I remember the evening it began. My cousin, barely older than me, pulled me aside, her face pale and drawn. “Grandmother pressed a hot spatula to my chest,” she whispered. I thought she was lying or exaggerating. How could something like that happen in the name of care?
It wasn’t long before it was my turn. The first time, she felt my chest, frowning at the small beginnings of my womanhood. “It’s time,” she said, her voice calm as if we were discussing supper. When I saw the glowing spatula in her hand, my knees went weak.
The pain was indescribable. I screamed until my throat gave out, but no one came. Days turned into weeks, each one worse than the last. She bound my chest so tight it hurt to breathe. I ran once, hiding in the forest until nightfall. When they found me, my uncle promised protection.

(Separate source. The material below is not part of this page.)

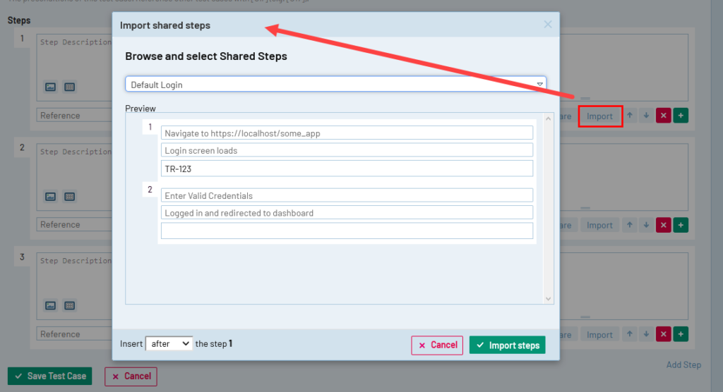 個別の手順フィールドを使用する新規または既存のテスト ケースで [手順の追加] をクリックし (まだ追加された手順がない場合)、[インポート] をクリックします。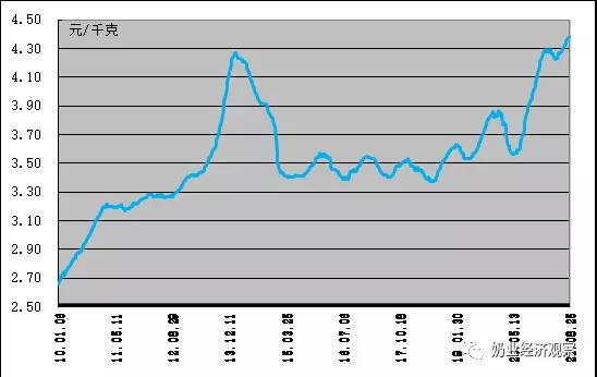據(jù)農(nóng)業(yè)農(nóng)村部數(shù)據(jù)監(jiān)測,8月生鮮食品乳價錢持續(xù)提升新紀錄,各周價錢均同比增漲,月度平均價4.37元/Kg,同比增漲1.2%,同期相比增漲17.0%,最后一周價錢4.38元/KG,比前一周增漲0.2%,同期相比增漲17.1%。苞米月度平均價2.95元/Kg,環(huán)比下降0.8%,持續(xù)2月降低,同期相比增漲21.4%;豆柏月度平均價3.79元/Kg,同比增漲1.2%,同期相比增漲15.6%。

That night, he came into the room where I slept. His hands weren’t like my grandmother’s, but they hurt just the same. The blood, the disbelief, the betrayal—it all merged into one endless nightmare. I tried to tell someone, anyone. But they laughed. “You’re just a child,” they said.
For years, I carried those scars—not just on my chest but deep inside me. Then, at 24, I stumbled into a workshop hosted by an organization for women like me. It was the first time someone listened to my story without judgment.
Now, at 32, I live in Yaoundé, Cameroon, and I’m the one standing in classrooms and community centers, telling girls the truth no one told me: Your body belongs to you. Today, I spoke to a group of third graders. Their faces were so young, their questions so raw.
“Will it stop?” one girl asked after everyone else had gone. I knelt down and looked her in the eye. “It will stop,” I said. “If we stand together, it will stop.”